Predicting Parkinson's disease trajectory using clinical and neuroimaging baseline measures.

机构信息

Lyda Hill Department of Bioinformatics, University of Texas Southwestern Medical Center, Dallas, TX, USA.

University of Texas at Dallas, Dallas, TX, USA.

出版信息

Parkinsonism Relat Disord. 2021 Apr;85:44-51. doi: 10.1016/j.parkreldis.2021.02.026. Epub 2021 Mar 7.

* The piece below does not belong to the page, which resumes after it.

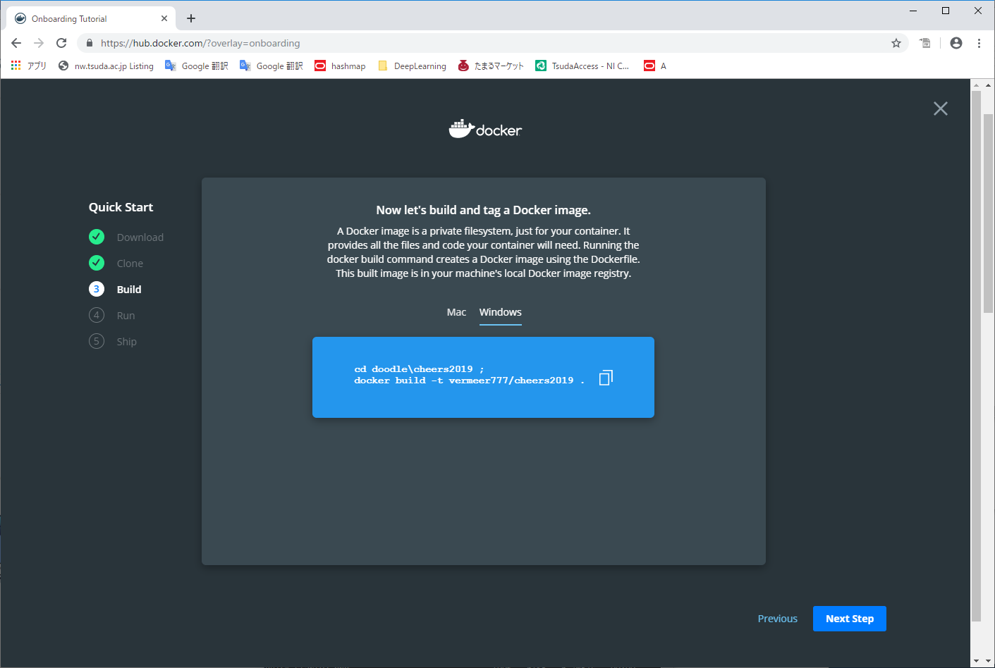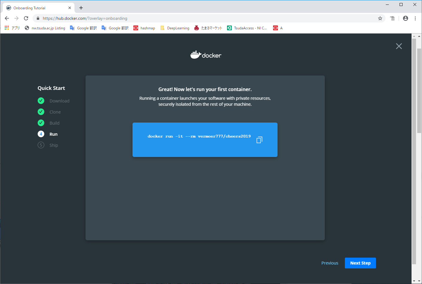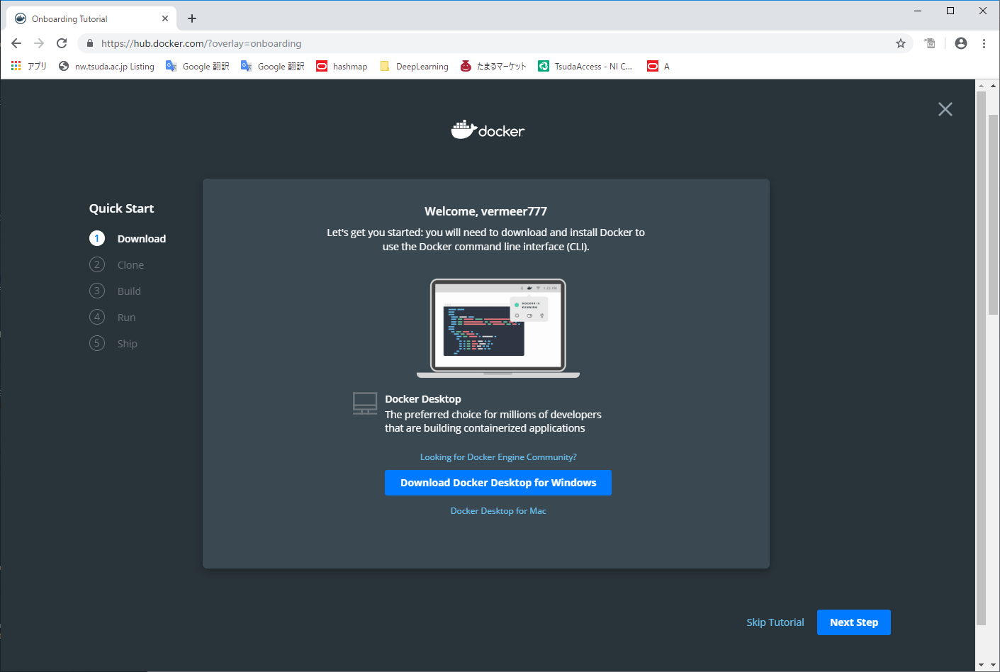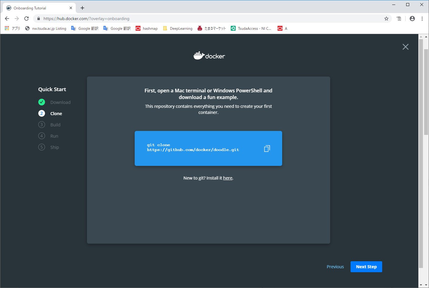- Get Started をクリックすると、ダウンロードして実行する手順が Quick Start として示される。

DOI:10.1016/j.parkreldis.2021.02.026
PMID:33730626
原文链接:https://pmc.ncbi.nlm.nih.gov/articles/PMC8127393/
Abstract

INTRODUCTION

Predictive biomarkers of Parkinson's Disease progression are needed to expedite neuroprotective treatment development and facilitate prognoses for patients. This work uses measures derived from resting-state functional magnetic resonance imaging, including regional homogeneity (ReHo) and fractional amplitude of low frequency fluctuations (fALFF), to predict an individual's current and future severity over up to 4 years and to elucidate the most prognostic brain regions.

METHODS

ReHo and fALFF are measured for 82 Parkinson's Disease subjects and used to train machine learning predictors of baseline clinical and future severity at 1 year, 2 years, and 4 years follow-up as measured by the Movement Disorder Society Unified Parkinson's Disease Rating Scale (MDS-UPDRS). Predictive performance is measured with nested cross-validation, validated on an external dataset, and again validated through leave-one-site-out cross-validation. Important predictive features are identified.

RESULTS

The models explain up to 30.4% of the variance in current MDS-UPDRS scores, 55.8% of the variance in year 1 scores, and 47.1% of the variance in year 2 scores (p < 0.0001). For distinguishing high and low-severity individuals at each timepoint (MDS-UPDRS score above or below the median, respectively), the models achieve positive predictive values up to 79% and negative predictive values up to 80%. Higher ReHo and fALFF in several regions, including components of the default motor network, predicted lower severity across current and future timepoints.

CONCLUSION

These results identify an accurate prognostic neuroimaging biomarker which may be used to better inform enrollment in trials of neuroprotective treatments and enable physicians to counsel their patients.

摘要

简介

需要预测帕金森病进展的生物标志物,以加快神经保护治疗的开发并为患者提供预后。本研究使用静息态功能磁共振成像(rs-fMRI)得到的指标,包括局部一致性(ReHo)和低频振幅(fALFF),预测个体当前和未来长达 4 年的严重程度,并阐明最具预后价值的脑区。

方法

对 82 名帕金森病患者进行 ReHo 和 fALFF 测量,并用其训练机器学习预测基线临床和 1 年、2 年和 4 年随访时的未来严重程度,采用运动障碍协会统一帕金森病评定量表(MDS-UPDRS)进行测量。通过嵌套交叉验证评估预测性能,在外部数据集上进行验证,并通过留一站点交叉验证再次验证。确定重要的预测特征。

结果

该模型可解释当前 MDS-UPDRS 评分的 30.4%、第 1 年评分的 55.8%和第 2 年评分的 47.1%的方差(p<0.0001)。对于区分每个时间点的高严重程度和低严重程度个体(分别为 MDS-UPDRS 评分高于或低于中位数),模型的阳性预测值高达 79%,阴性预测值高达 80%。包括默认运动网络在内的几个区域的 ReHo 和 fALFF 较高,预示着当前和未来时间点的严重程度较低。

结论

这些结果确定了一种准确的预后神经影像学生物标志物,可用于更好地告知神经保护治疗试验的入组情况,并使医生能够为患者提供咨询。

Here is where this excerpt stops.